1) You pay a lot of fees on buying/selling a house
2) Depending on your mortgage, you will most likely spend the first few years simply paying the interest but not actually paying down your debt.
3) The current market value of the house
4) Capital gains taxes of your country
The first two of these factors *usually* combine to mean that you haven’t built up any margin of equity in the house (assuming the house hasn’t appreciated or depreciated in value).
But the third factor is your wildcard here.
– If the value of your house has increased significantly enough to negate the first two factors (i.e. you can pay the selling fees and pay off your mortgage and either walk away breaking even or with a profit). In that case, sell your house whenever you want to. The very next day if you want (assuming 4 isn’t going to be an issue).
– if the value of your house has remained unchanged or dropped to the point you cannot pay everything off, well, you’re stuck with a house unless you are willing to take a loss.

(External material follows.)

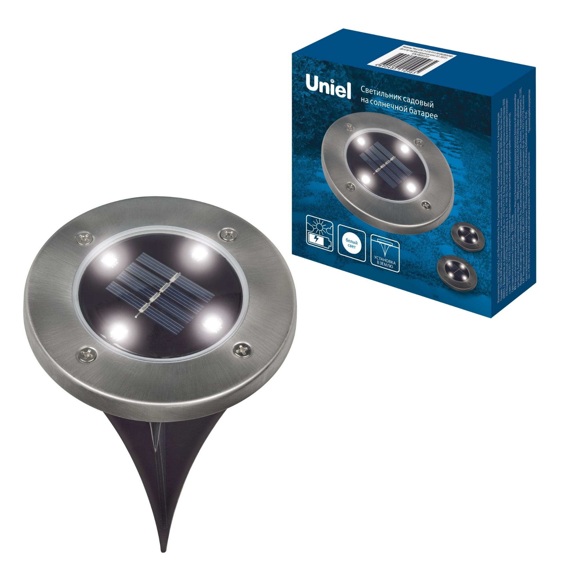 Ландшафтный садовый светильник на солнечной батарее USL-F-171/PT130 INGROUND предназначен для декоративной подсветки дорожек, ступенек. Устанавливается путем вкурчивания колышка в грунт. В светильнике используются светодиоды (SMD, 4 шт), цвет свечения - белый. Светильник предназначен для уличной подсветки, диапазон рабочих температур светильника от -20 до +35 °С. Корпус светильника изготовлен из черного пластика и нержавеющей стали, цвет — серебряный, степень защиты от влаги IP44. Удобный выключатель расположен на оборотной стороне светильника. Лаконичный и стильный дизайн устройства подойдет для подсветки любой территории. Подключение к электросети не требуется. Встроенный аккумулятор 600 мАч, заряжается в светлое время суток с помощью солнечной панели. Полностью заряженный аккумулятор обеспечивает освещение до 8 часов. Габариты собранного устройства - ДхШхВ 115х115х135 мм. Общий вес комплекта 163 г. Гарантия - полгода. Срок службы светильника - 30 000 часов.

Now I haven’t really mentioned (4) up to now. But if you are buying and selling houses for investment, etc., you may fall foul of your country’s capital gains taxes which usually try to tax you on the profit you make from selling your house. This may or may not apply to you depending on your country, how long you keep the house, whether you choose to live in it or not, etc.
So, in general, folks don’t buy and sell houses quickly due to most of these factors making it a financially bad idea.